**Brief:** Copy all records exactly, excluding images.

---*---

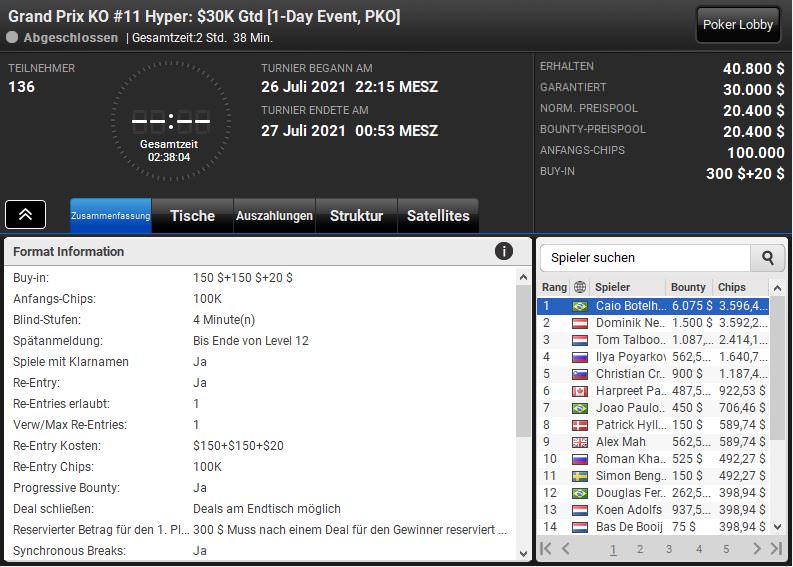 Das beste Ergebnis aus deutschsprachiger Sicht landete Dominik Neumaier aus Österreich beim $320 NLHE Hyper PKO. Am Brasilianer Caio De Olivera ($9.671,46) kam er zwar nicht vorbei, als Runner.-up gab es aber $5.092,25.
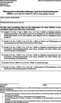 Zu Ziffer 2 bis 4 besteht nach § 50 BMG für alle Einwohner ein Widerspruchsrecht zur Übermittlung ihrer persönlichen Daten zum Zweck der Wahlwerbung, der Ehrung von Jubilaren und die Abgabe an Adressbuchverlage.
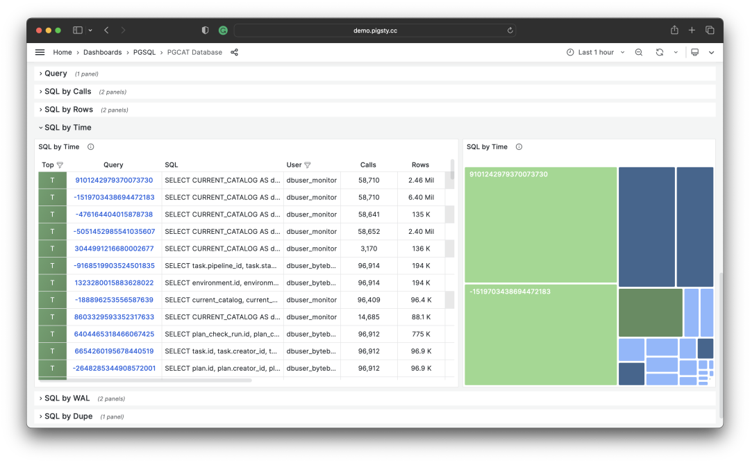 例如,我们可以使用饼图来标识过去1小时内耗时/IO使用最大的查询,使用二维树图(大小代表总耗时,颜色代表平均RT)来展示一个额外的维度。并用堆叠时序图来展示比例随时间的变化关系。
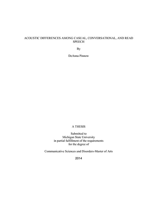 The aim of the current study was to investigate acoustic differences among laboratory read, laboratory conversational, and casual speech through well-defined speech tasks in the laboratory and in talkers' natural environments.
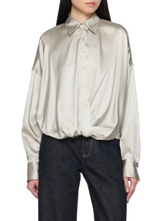 This Brunello Cucinelli silk shirt captures fluid sophistication with its lustrous drape and wrap-inspired silhouette. Crafted from smooth stretch silk satin, it moves effortlessly with the body, accentuating the light. Finished with a pointed collar and elongated cuffs, it brings understated glamour to day-to-evening styling.

---*---

**Exercise solution:**
 Das beste Ergebnis aus deutschsprachiger Sicht landete Dominik Neumaier aus Österreich beim $320 NLHE Hyper PKO. Am Brasilianer Caio De Olivera ($9.671,46) kam er zwar nicht vorbei, als Runner.-up gab es aber $5.092,25.
 Zu Ziffer 2 bis 4 besteht nach § 50 BMG für alle Einwohner ein Widerspruchsrecht zur Übermittlung ihrer persönlichen Daten zum Zweck der Wahlwerbung, der Ehrung von Jubilaren und die Abgabe an Adressbuchverlage.
 例如,我们可以使用饼图来标识过去1小时内耗时/IO使用最大的查询,使用二维树图(大小代表总耗时,颜色代表平均RT)来展示一个额外的维度。并用堆叠时序图来展示比例随时间的变化关系。
 The aim of the current study was to investigate acoustic differences among laboratory read, laboratory conversational, and casual speech through well-defined speech tasks in the laboratory and in talkers' natural environments.
 This Brunello Cucinelli silk shirt captures fluid sophistication with its lustrous drape and wrap-inspired silhouette. Crafted from smooth stretch silk satin, it moves effortlessly with the body, accentuating the light. Finished with a pointed collar and elongated cuffs, it brings understated glamour to day-to-evening styling.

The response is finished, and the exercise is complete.